Stolen guitars, sex in public: Neighbors reporting issues in Hamilton area cleared of homeless

Credit: DaytonDailyNews

Frustration is increasing again in Hamilton’s Lindenwald neighborhood, where people have been reporting thefts, even when video cameras clearly are posted. One naked couple recently was seen openly having sex, upsetting neighbors.

The area is the same one, around the northern end of Madison Avenue, where city crews recently cleared brush and trees where homeless people were living outdoors.

“Just caught 2 people completely naked having sex,” the account of Ashley and Ben Wilson wrote on Facebook. “And lucky me, my little girl was home sick from school and walked outside to get into our van just to see the whole thing … I’m beyond (upset) and I chased them down to let them know just how I felt!”

Ashley Wilson was among the leaders of an effort to rid the neighborhood of people who were openly using drugs in their area and stealing many items, including bicycles and plants from their porches.

Police Chief Craig Bucheit said an officer was in the area Tuesday speaking with people about the issues.

“It’s a pretty profane act,” he said about the open sex. “We’ll try to locate these people, we’ll keep an eye out.”

Bucheit reiterated the call he and other city officials have issued previously for people to use Hamilton’s electronic 311 system to report ongoing issues using computers or smart phones or to call emergency 911 if there is an immediate need for officers at a scene.

“Anything that’s occurring that needs immediate action, call 911,” Bucheit said. “And the 311 is more for after-the-fact, or chronic, or follow-up.”

Lindenwald is a neighborhood of generally well-kept homes that also has the city’s most active neighborhood association.

The chief noted that the clearing of brush on the CSX railroad property behind neighborhood houses curtailed some of the problems.

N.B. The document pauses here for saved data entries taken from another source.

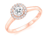 9ct Rose Gold GIA Certified Diamond Engagement Ring With Round Brilliant Cut Centre Solitaire and Diamond Halo
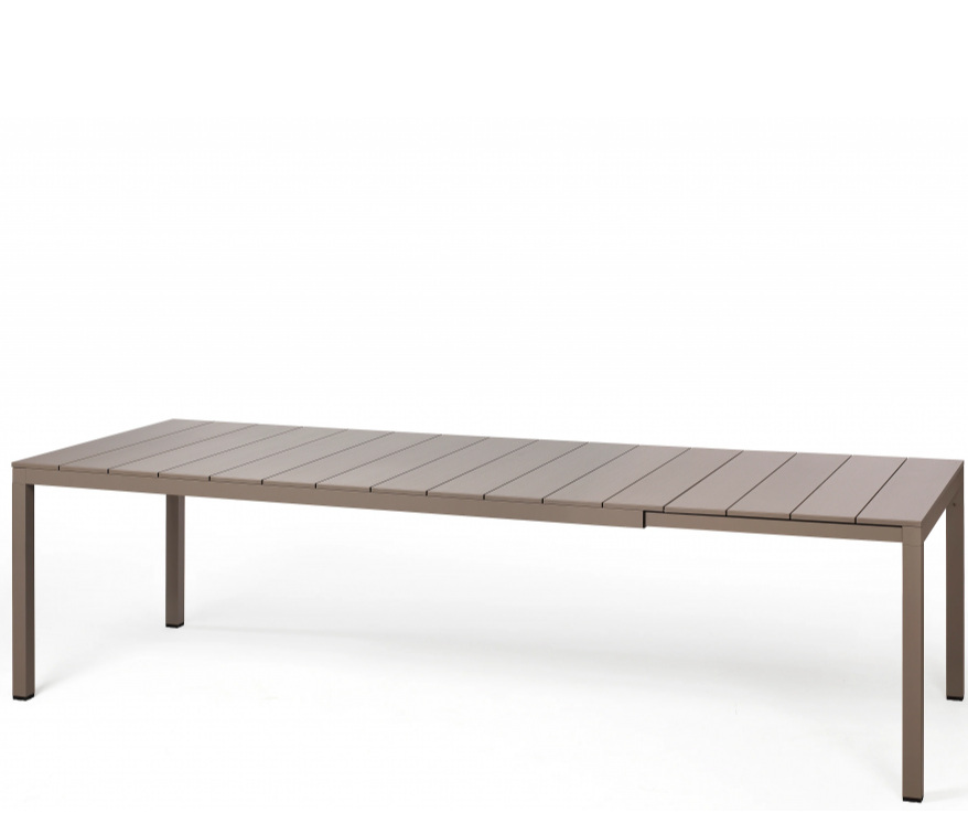 - Модель имеет систему выдвижения, которая позволяет конструкции скользить, всегда удерживая ножки на концах стола. Таким образом можно избежать любых неприятных неудобств из-за мешающих опор. Стол был разработан с идеальной системой быстрой фиксации его удлиняемой части: после расширения RIO представляет собой длинный фиксированный стол без каких-либо недостатков.
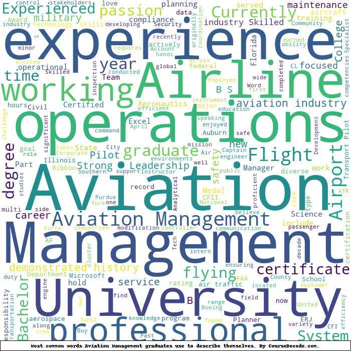 Here is a visual representation of the most common words seen in the "about" section of LinkedIn profiles who have a Bachelor degree in Aviation Management. This may or may not be useful:
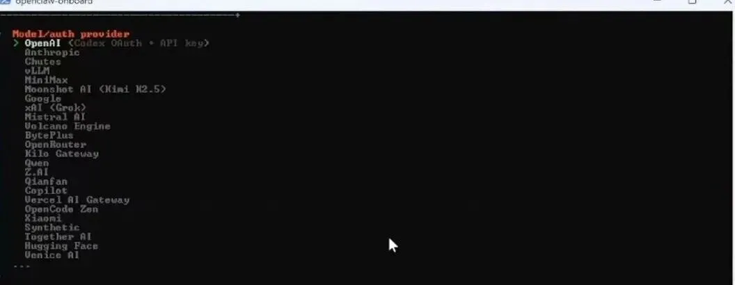 这里会有很多选择,像国外的大模型服务商openai之类的,也有国内的大模型服务商Minimax或者Kimi、Qwen之类的,这个可以根据个人偏好选择,用键盘的上下方向键进行切换,如果自己已经有创建好的某个大模型服务商的API密匙,可以直接选择用的,而我用的是minimax的,
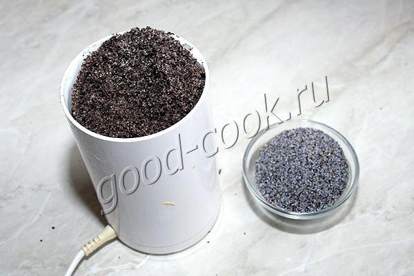 Мак размолоть вместе с сахаром в кофемолке. Если размалывать один мак, без сахара, он быстро выделит масло и слипнется. Миксером смешать до однородности яйца, 1 столовую ложку растительного масла, молотый мак с сахаром, соль, соду и разрыхлитель. Вмешать 1 стакан муки (160г) и 150 граммов молока. Затем в получившееся однородное тесто вмешать ещё один стакан муки и оставшееся молоко (450~500г).
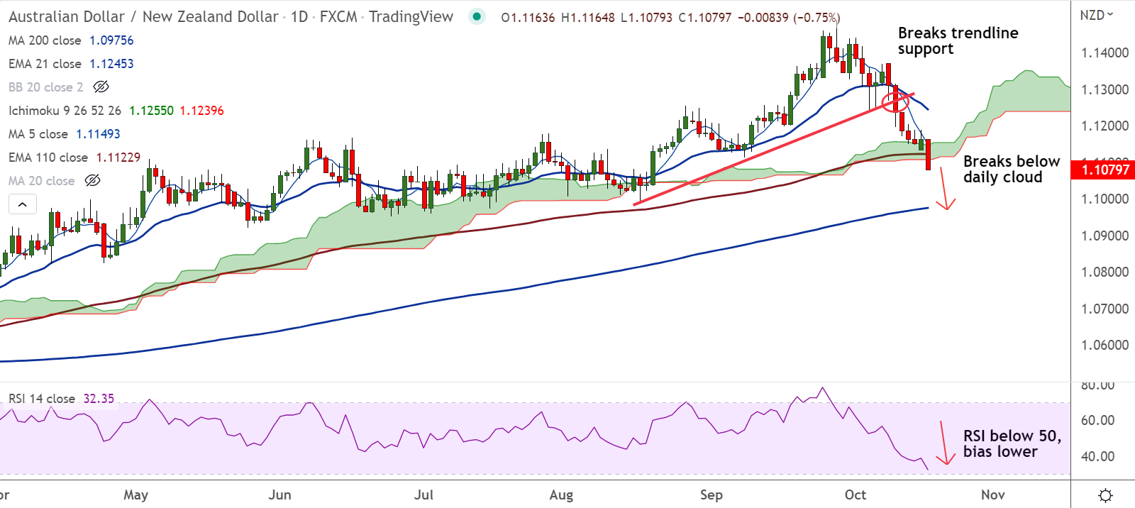 Summary: AUD/NZD trades with a bearish bias. Close below cloud will see more downside. Scope for test of 200-DMA support at 1.0975.

“Before all that stuff was cut down, who knows what was going on that people weren’t seeing?” Bucheit said. “I would say having gone through the efforts we have down there, the people who are in the neighborhood, it makes their surveillance of the area more effective, and so I would expect they’re going to see more people.

“But, in the past when the community wasn’t as involved with the police, those things may have gone unreported.”

Dakota Logan, who lives on Bishop Avenue, had a $980 custom guitar stolen from the side of his house, where a UPS driver had left it without requiring a signature.

“It was damn near a $1,000 guitar,” Logan said. “I didn’t even receive the guitar. They stole it off the side of my house before I could even get it in the house. It was delivered by UPS and they didn’t make me sign for it, at $980.”

“They walked through two security cameras that just happened to be dead, coincidentally, at the time.”

He hopes to recover the guitar because he doesn’t believe there’s another like within at least 100 miles.

“This person must have been really desperate for some money, to walk right into my property, next to my vehicles and stuff, to get to where he did, to get the guitar,” he said.

Another neighborhood video shows a balding man in a T-shirt sneaking across a Brough Avenue porch, grabbing a plant and hurrying off.